In [1]:
%matplotlib inline
import matplotlib.pyplot as plt
import seaborn as sns
import logging

import scipy.stats
import numpy as np

# Simulate data

Here we simualte data from 40 groups, in a perturbation experiment this would correspond to different genetic groups, ie. different perturbations.

In [None]:
from batchglm.api.models.nb_glm import Simulator

sim = Simulator(num_observations=400, num_features=20)
sim.generate_sample_description(num_batches=40, num_conditions=0)
# sample parameters from positive truncated N(1, 0.1)
mu=1; phi=0.1
sim.generate_params(rand_fn_loc=lambda size: mu + scipy.stats.truncnorm.rvs(-mu / phi, np.infty, scale=phi, size=size))
sim.generate_data()

# count data
X = sim.X
# sample description
sample_description = sim.sample_description

# Run differential expression test:

The pairwise test allows to perform pairwise comparisons between a set of groups.

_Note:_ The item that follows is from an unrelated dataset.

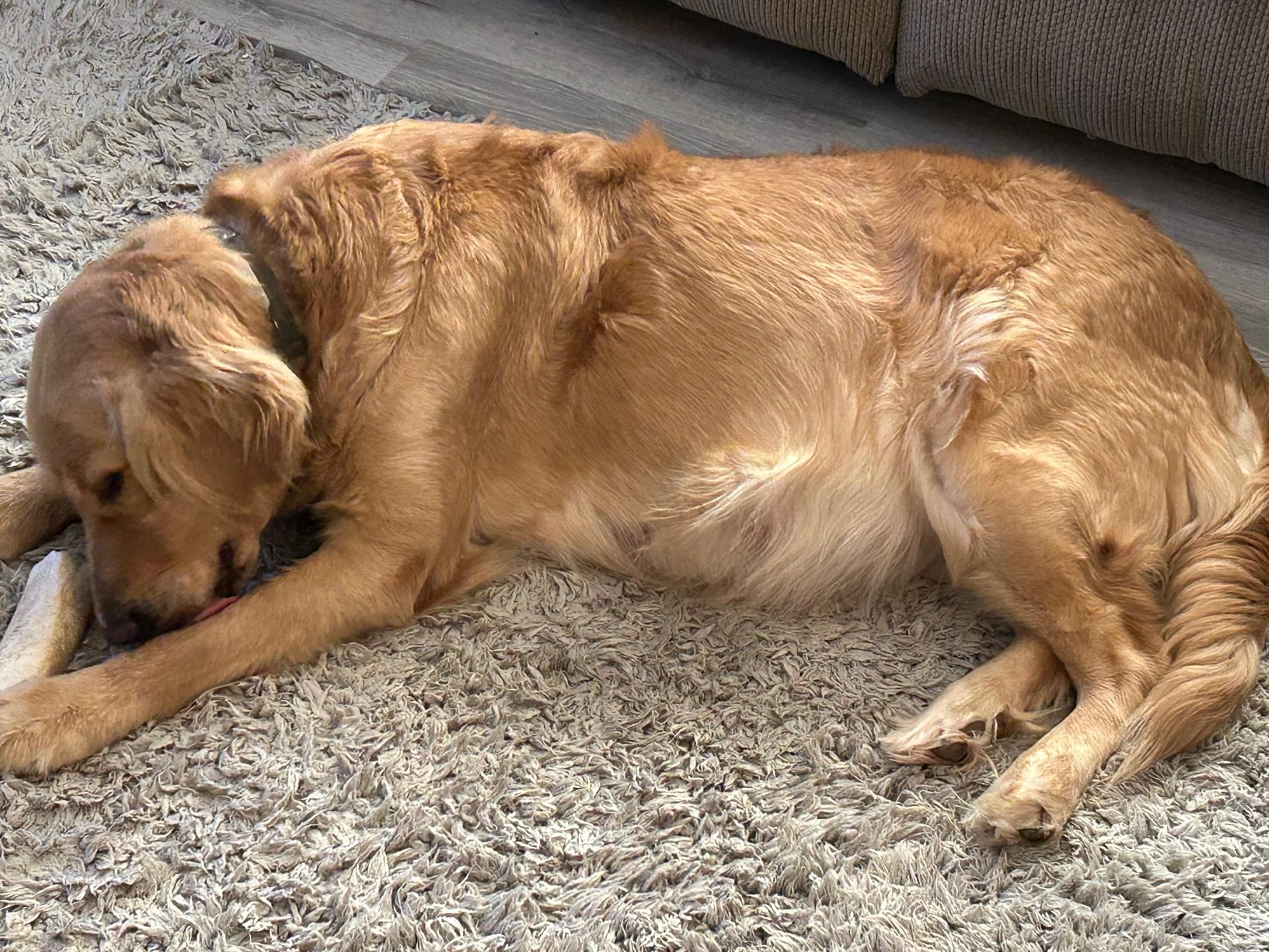 Dede is a female Golden Retriever. Carefully selected as a great representative of her breed, duane decided to make her part of their program. duane has passed Good Dog’s screening process, which involved a review of their breeding practices, environment, and the mental and physical health of their dogs.

It needs a parameter `grouping` which assigns a group to each sample.
This `grouping` can either be a vector of length `num_observations` or a string specifying a column in the sample description.
Since we simulated `grouping` with `num_batches=40` different groups, the pairwise test matrix would be very large with $40*40 = 1600$ comparisons per gene. 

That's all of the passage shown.